On 1/22/2010 3:19 PM, Tarek Ziadé wrote:
[..]
>  How about having an extra argument that would fix the permission? (Fixing
>  the permission is only applicable for tarfile, not zipfile, hence even our
>  callable will become specific to tarfile).
>
>    >>>  shutil.unpack_archive("/tmp/foo.tgz", "/tmp", make_readable=True)
>    >>>  help(shutil.unpack_archive)
>    [...]
>    If `make_readable` is True, then files with limited permission (cannot
>    be read) will be fixed to make them readable by the current user.
That's still the same specific use case. Out of curiosity, how many
archives have you had the
problem with ?

If like I think, this is quite rare, I am -1 to introduce it that way
because you could handle with a generic callable as mentioned.

Yes, it is quite rare (I can recall maybe 2-4 packages having this problem). I see what you mean now. Since it is not a popular issue, adding this to stdlib may not be a good idea.

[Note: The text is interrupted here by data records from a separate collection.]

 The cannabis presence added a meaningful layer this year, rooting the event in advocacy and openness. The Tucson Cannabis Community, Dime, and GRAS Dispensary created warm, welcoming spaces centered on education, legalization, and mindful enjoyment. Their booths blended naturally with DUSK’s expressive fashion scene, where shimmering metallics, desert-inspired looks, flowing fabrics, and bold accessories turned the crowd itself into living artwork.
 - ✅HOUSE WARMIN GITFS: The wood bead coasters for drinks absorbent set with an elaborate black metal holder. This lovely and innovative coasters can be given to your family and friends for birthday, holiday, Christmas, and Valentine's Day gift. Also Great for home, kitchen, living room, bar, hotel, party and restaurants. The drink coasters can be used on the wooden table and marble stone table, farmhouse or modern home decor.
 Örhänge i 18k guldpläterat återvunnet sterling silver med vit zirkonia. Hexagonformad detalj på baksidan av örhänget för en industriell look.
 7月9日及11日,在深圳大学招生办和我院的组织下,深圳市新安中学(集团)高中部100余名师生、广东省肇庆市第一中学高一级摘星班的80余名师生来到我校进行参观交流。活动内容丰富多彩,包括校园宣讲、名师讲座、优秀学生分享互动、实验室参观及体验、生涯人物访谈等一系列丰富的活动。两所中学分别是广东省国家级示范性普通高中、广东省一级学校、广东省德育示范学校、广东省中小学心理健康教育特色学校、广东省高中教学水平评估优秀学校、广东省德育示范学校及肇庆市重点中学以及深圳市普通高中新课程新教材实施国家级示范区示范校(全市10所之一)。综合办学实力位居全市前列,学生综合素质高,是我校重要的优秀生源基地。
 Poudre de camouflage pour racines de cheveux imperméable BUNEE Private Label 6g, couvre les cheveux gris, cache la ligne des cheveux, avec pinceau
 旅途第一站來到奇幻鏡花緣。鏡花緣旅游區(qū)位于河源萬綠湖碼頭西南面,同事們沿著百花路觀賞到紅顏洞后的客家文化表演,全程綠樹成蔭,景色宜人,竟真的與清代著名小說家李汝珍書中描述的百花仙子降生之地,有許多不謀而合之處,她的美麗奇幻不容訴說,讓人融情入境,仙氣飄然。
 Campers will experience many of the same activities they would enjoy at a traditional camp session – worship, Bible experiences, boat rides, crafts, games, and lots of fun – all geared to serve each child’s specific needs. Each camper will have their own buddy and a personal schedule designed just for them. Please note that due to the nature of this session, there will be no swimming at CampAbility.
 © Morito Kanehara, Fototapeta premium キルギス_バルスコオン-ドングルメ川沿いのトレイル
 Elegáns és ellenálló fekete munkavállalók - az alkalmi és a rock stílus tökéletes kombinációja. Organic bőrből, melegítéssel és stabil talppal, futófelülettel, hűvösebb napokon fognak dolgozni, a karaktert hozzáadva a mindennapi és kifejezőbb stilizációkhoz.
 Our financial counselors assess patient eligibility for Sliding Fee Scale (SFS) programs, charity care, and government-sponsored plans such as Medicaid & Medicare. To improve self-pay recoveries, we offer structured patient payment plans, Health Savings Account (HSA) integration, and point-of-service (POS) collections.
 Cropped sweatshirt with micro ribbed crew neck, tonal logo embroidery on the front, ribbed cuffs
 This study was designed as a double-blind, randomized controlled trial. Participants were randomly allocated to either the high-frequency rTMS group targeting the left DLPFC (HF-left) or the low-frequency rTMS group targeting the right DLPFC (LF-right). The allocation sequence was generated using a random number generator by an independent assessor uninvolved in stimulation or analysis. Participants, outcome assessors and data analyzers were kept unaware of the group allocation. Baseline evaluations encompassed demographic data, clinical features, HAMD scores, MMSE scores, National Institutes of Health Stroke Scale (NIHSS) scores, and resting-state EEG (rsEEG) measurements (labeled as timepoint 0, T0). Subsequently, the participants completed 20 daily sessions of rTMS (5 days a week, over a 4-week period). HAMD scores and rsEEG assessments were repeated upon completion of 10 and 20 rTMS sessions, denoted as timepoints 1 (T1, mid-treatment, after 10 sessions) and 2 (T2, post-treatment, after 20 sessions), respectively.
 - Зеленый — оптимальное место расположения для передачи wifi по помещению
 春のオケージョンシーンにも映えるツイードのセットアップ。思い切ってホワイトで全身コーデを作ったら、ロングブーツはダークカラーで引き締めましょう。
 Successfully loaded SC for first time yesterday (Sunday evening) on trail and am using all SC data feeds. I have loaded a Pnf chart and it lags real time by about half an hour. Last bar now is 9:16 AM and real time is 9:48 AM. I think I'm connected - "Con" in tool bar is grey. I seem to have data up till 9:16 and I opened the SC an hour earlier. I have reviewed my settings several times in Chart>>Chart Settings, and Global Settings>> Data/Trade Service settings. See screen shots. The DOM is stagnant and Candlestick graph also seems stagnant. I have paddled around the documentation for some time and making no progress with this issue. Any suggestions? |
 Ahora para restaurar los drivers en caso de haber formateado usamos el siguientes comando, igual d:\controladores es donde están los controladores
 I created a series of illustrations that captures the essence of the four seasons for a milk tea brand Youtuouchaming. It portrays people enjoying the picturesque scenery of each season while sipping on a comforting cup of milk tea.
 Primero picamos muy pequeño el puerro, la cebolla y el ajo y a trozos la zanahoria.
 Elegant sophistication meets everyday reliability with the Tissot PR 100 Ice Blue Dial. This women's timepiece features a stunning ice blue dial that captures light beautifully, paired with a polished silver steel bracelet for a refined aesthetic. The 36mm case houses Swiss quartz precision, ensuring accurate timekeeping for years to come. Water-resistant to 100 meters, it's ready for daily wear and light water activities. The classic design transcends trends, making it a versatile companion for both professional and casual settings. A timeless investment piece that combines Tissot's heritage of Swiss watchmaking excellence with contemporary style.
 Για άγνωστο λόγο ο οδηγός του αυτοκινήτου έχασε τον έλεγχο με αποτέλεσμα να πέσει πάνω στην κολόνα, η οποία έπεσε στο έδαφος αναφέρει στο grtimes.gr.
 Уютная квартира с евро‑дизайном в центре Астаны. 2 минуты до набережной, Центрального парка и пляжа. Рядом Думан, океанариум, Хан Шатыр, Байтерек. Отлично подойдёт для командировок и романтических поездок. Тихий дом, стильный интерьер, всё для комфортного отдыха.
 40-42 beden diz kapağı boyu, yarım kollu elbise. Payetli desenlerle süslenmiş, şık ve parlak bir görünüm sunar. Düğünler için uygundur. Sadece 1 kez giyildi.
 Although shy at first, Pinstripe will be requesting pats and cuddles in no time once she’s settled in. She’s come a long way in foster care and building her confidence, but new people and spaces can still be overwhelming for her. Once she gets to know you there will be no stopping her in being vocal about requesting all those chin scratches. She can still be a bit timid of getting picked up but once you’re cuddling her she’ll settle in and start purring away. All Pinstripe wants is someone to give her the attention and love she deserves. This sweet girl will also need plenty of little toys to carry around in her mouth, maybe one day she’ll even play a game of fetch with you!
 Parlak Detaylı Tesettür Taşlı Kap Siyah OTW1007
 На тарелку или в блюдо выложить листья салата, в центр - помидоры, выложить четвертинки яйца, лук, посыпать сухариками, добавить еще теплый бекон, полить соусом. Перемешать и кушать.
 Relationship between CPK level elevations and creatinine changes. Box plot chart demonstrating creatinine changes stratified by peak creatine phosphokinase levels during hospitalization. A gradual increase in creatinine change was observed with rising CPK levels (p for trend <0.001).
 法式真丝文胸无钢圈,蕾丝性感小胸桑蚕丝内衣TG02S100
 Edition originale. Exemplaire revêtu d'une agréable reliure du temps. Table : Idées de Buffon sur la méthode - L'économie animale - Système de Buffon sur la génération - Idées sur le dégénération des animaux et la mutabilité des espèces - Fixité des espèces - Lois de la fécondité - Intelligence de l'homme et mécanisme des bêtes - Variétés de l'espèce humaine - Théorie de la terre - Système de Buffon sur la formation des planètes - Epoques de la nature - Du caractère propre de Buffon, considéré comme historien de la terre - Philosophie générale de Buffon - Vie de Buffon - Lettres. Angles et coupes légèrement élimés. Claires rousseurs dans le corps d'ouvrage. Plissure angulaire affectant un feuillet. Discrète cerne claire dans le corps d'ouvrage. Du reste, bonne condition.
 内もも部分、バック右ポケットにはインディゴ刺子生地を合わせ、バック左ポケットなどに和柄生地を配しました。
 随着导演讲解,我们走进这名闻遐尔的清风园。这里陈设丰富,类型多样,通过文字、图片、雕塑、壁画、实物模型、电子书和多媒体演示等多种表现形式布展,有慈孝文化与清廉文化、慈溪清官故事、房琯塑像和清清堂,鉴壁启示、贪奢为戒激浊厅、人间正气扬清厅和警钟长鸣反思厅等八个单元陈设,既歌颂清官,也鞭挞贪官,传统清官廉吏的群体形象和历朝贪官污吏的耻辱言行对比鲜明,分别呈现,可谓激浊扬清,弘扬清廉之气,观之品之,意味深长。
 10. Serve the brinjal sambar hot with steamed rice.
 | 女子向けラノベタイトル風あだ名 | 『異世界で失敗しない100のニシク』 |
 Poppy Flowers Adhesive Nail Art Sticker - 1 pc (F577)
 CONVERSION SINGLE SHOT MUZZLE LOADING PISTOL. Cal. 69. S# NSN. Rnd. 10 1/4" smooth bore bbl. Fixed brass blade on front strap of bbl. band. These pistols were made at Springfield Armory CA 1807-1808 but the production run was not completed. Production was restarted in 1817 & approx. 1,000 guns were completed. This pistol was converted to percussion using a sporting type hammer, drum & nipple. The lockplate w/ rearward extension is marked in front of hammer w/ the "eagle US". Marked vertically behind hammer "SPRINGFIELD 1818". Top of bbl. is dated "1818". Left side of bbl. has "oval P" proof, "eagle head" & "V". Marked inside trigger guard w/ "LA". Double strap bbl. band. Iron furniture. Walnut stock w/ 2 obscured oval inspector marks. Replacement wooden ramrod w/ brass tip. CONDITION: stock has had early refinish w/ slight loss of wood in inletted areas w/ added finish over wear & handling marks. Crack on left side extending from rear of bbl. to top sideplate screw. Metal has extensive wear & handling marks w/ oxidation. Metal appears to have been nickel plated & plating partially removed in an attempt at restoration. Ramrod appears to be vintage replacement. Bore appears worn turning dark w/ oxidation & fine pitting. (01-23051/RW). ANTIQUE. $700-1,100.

On 1/22/2010 2:44 PM, Tarek Ziadé wrote:
> Now, for shutil.unpack_archive, we could add a callable option (like
> the progress_filter one)
> that would be called with each newly extracted file, so one may apply
> any process on it.

Will this callable recieve TarInfo objects if the filetype is tarfile? What would it receive otherwise? How can `_ensure_read_write_access` be implemented using this callable? I cannot think of a design for this. (In that case, maybe then the permission setting would happen on the actual extracted files post-extraction).